The empirical and theoretical comparisons presented in the previous section indicate that alternative parallel search strategies perform well under different conditions, and that performance trends do exist which can be used to automatically select strategies and parameter settings for new problems. However, the results of these studies are not sufficient for automatically determining the appropriate set of strategies. One limitation is that information used to generate the formulas and to control the experiments, such as goal position, is not known in advance. Another limitation is that some of the assumptions, such as a constant branching factor, are not realistic for many applications. As a result, we need a method to automatically select optimal strategies for real-world problems given information that is available.
In response to this need, we add a machine learning component to the EUREKA system. EUREKA merges many of the approaches to parallel search discussed the previous section. Parameters can be set that control the task distribution strategy, the load balancing strategies, and the ordering techniques. In particular, the strategies that can be selected include:
The user is allowed to determine the types of strategies to be used for a given problem. However, because such a decision is difficult to make without significant information about the search space, EUREKA also has the capability of making all necessary strategy selections. Based on the characteristics of a search space, EUREKA automatically configures itself to optimize performance on a particular application. Sample problems are fed as training examples to a machine learning system, which in turn learns the optimal strategies to apply to particular classes of search spaces. Applying machine learning to optimize software applications has been pursued in other areas of research. For example, Minton  has applied a similar technique to automatically synthesize problem-specific versions of constraint-satisfaction algorithms. Research in other areas of computer science has yielded similar ideas of customizable environments applied to computer networks [4,33] and to interactive human-computer interfaces [15,20]. This work is unique in allowing both problem-specific and architecture-specific features to influence the choice of strategies and in applying adaptive software techniques to parallel search. EUREKA also offers a framework that can potentially automate both static and dynamic software customization.
To perform parallel search, EUREKA executes the following steps:
Features from the non-goal iterations represent attributes for the test case, and the strategy that results in the best performance (shortest run time) represents the correct classification of the problem instance for a given strategy choice.
The described set of features and the amount of time to spend on the initial EUREKA iteration are chosen based on our experimental data to yield the most helpful information in the shortest time. Searching enough iterations of the problem space until 200,000 nodes are generated takes less than 10 seconds on the problem domains we tested. Spending less time than this may yield erroneous information because features of the tree do not stabilize until several levels down in the tree. Searching additional iterations in general does not significantly improve the quality of information and the time requirements grow exponentially. Improved approaches may include performing the initial search until the stability of the space reaches a prescribed level, or periodically updating the C4.5 choices and adjusting the parallel search approaches dynamically during execution.
Performing an initial shallow search has also been shown to be effective in other parallel search research. For example, Suttner  performs parallel search of the first few IDA* iterations twice during parallel search in order to determine the number of individual tasks that should be distributed to each processor. Cook et al.  also perform an initial shallow search in order to obtain more accurate operator ordering information to use in reordering the search space. In each case, the amount of time required to perform the extra initial search is minimal yet greatly improves the performance of the overall search task.

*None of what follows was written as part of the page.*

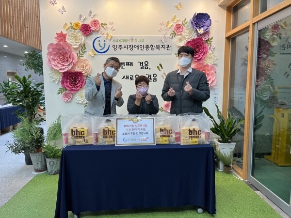이날 복지관에 전달된 치킨 20마리는 양주시 관내 재가 장애인 가정에 지원됐다. BHC 양주백석점은 앞으로도 양주시장애인종합복지관과 손 잡고 지역 사회에서 지속적으로 후원활동을 이어나갈 예정이다.

The selected features each demonstrate a significant influence on the optimal search strategy. Although feature values can change dramatically from one problem to the next, each feature remains fairly stable between levels of the same tree. As a result, computing the values of these features at a low level in the tree provides a good indication of the structure of the entire tree. The ``Deviation Within Problems'' entries in Table 1 show the standard deviation of each feature value over all search tree levels. The results are averaged over 98 problem instances in the fifteen puzzle domain1 and 20 problem instances in the robot arm motion planning domain. Both of these test domains are described in the next section. The low values in these columns indicate that the features provide a good indicator of the structure of the problem space at all levels in the tree. In contrast, the ``Deviation Between Problems'' table entries show the standard deviation of the average feature value (averaged over all levels in each tree) over all problem spaces. The larger values in these columns indicate that the features can effectively distinguish between different problem spaces.
EUREKA is written in C and is currently implemented on an nCUBE 2, on Linux workstations using the Parallel Virtual Machine (PVM) communication software, on a DEC Alpha using an implementation of Posix threads, on Windows NT running Java threads and Cilk threads, and as a distributed Java system using RMI. We are also currently investigating means of dynamically switching between strategies during execution as the problem structure or environment changes.